Ocean Inlet Park is about to undergo renovations from two Palm Beach County construction projects, raising concerns about noise and congestion over the next few months at the county-operated park.  
The first project, a modernization of the aging marina, was supposed to start in May but is now expected to begin in a few weeks, Ocean Ridge building official Durrani Guy told the Town Commission on Nov. 1. 
Around the same time, heavy equipment is expected to arrive for the other project, the initial phase of a jack and bore project to reroute the inlet dredging pipeline to the south end of the park under State Road A1A. 

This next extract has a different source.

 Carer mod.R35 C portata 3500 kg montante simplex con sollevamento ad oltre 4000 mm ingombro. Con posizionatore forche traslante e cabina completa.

Both projects “are going to make a gigantic construction mess, which we can’t do anything about,’’ Commissioner Steve Coz said.
Guy said the actual jack and bore process, starting from the west side of A1A, is scheduled to begin Jan. 4 and should last about a week. After a steel casing is installed under the road, the dredging pipe will be laid along a more direct route from the dredge areas west of the marina to the beach along the ocean. 

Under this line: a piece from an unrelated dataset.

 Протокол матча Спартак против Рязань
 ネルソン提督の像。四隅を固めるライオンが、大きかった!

The previous route, on the north end, disrupted park operations and beach access during periodic dredge operations because the pipeline was exposed in the parking lot, along the jetty and on the beach.
Town Manager Tracey Stevens said in her report Nov. 1 that the pipeline project should be done by March and will allow for more efficient dredging of the sand trap at the South Lake Worth Inlet, commonly known as the Boynton Inlet. It is typically dredged every six to eight years to remove sand accumulation captured by the inlet system. 

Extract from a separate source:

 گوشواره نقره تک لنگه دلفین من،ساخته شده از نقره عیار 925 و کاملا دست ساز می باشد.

“This new pipe route will be much safer for beach, boat and park users during future dredging events, in addition to shortening the pipe distance to the ultimate sand placement area in the Ocean Ridge Shore Protection Project area,’’ she said. 
The marina project, which will be done in three phases, could last several years. 
Before approving a six-month extension to the county’s building permit, some commissioners expressed frustration about delays in the first phase of the marina renovations.
Although the town issued the county a building permit in November 2020, work has been delayed because of the county’s lengthy bidding process for a contractor, Guy said. 
“This is just the first phase of the project, so this project is going to last quite a long time and they’re already starting out a year and a half late,’’ Commissioner Geoff Pugh said. 
In other business, commissioners gave Stevens permission to lift the mask mandate for employees and visitors at Town Hall. Vice Mayor Susan Hurlburt suggested posting a sign asking unvaccinated visitors to wear masks. “The smart thing is to get vaccinated and we can all be done with this and not have to discuss it anymore,’’ Commissioner Martin Wiescholek said.
• Stevens planned to meet with Boynton Beach officials in early November to discuss the city’s plans to replace the blue light poles on the Ocean Avenue Bridge with black ones and to paint the railings and decorative objects on the bridge black. Town commissioners weren’t thrilled with the color choice, but Stevens pointed out that Boynton Beach pays to maintain the entire bridge even though Ocean Ridge has jurisdiction over half of it. 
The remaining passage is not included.